We're open-sourcing a version of the NSDB and a C API
for it (dual license, BSD/GPL2) that conforms to the draft of
the protocol from earlier this week.  Because the draft is still
ambiguous and underspecified in places, the code takes some
short-cuts.  It should be considered a proof-of-concept at
most, but it could help bootstrap other implementations.  We'd
love to see people federating across platforms at a bakeathon
or connectathon soon!

PUSH VERSUS PULL

If we have a replicated root fileset (and we believe we will
need to), then how are changes to the root propagated from
the "master" (which we believe we'll probably need) to all
of the replicas?  Paul had taken the position, a few weeks
ago, that having the master push changes out the replica
makes the most sense.  Others pointed out that in a
federated and distributed system, a push model is hard
to implement because if a replica goes down, or something
else happens that makes the state of the replica unknown to
the master (possibly without the master even knowing), it
can be hard for the master to know what state each replica
is in, and what messages to send to bring that replica up to
date.  On the other hand, the replicas can keep track of
what messages the have and haven't seen from the master
(and/or a logical clock for state versioning) and pull the
changes from the master.

Either way there are complicated cases, but the observation
was that in some cases, pull is really necessary, so if we need
a pull anyway, let's not do both.

Paul was not on the call last week, so we postponed further
discussion until this week.  After some discussion the consensus
is that a pull model is OK as long as we can ensure that there is a
way to minimize the state changes the replicas need to pull (i.e.,
just deltas) rather than brute-force polling.

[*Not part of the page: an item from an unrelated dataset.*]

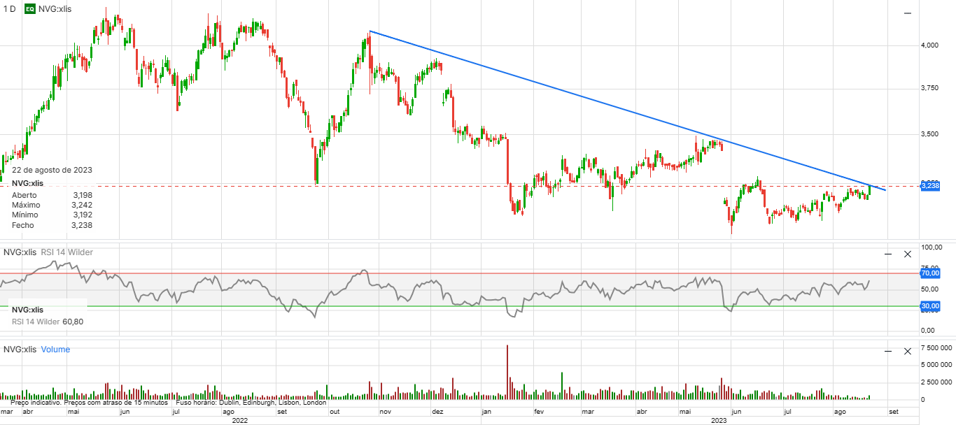 Apesar do atual momento da bolsa, com alguma indefinição e com perspetiva de baixa, na minha opinião, a Navigator é porventura a melhor empresa portuguesa, pelo que, pessoalmente acho que vai subir. No entanto, vou aguardar por confirmação.

Paul and Renu are signed up to continue refining their document
about how the replicas get updated.

TRANSACTIONS -- NEEDED?

One of the assumptions required to do simple things like update
the state of the replicas is that it's possible to actually *define*
the state of an NSDB at a logical moment.  This seems like a
simple thing, but it's not something that LDAP seems to support.
Basic LDAP does not seem to have a graceful way to deal with
concurrent updates to multiple, overlapping records -- no locking
or transaction support.  Since many "logical" NSDB operations
involve multiple NSDB operations, this could make ensuring
the correctness of the NSDB operations difficult or impossible.

We discussed a strawman proposal to implement vector clocks
(one scaler per admin) but the feeling was that it would be
clunky at best and might not even work at all.

Mario took on the task of figuring out how to coax LDAP into
doing what we need.  James pointed out RFC 4525, which adds
a modify-increment operation to LDAP, but it is not known whether
this extension is widely implemented, or actually has the necessary
semantics to implement something like a semaphore.

-Dan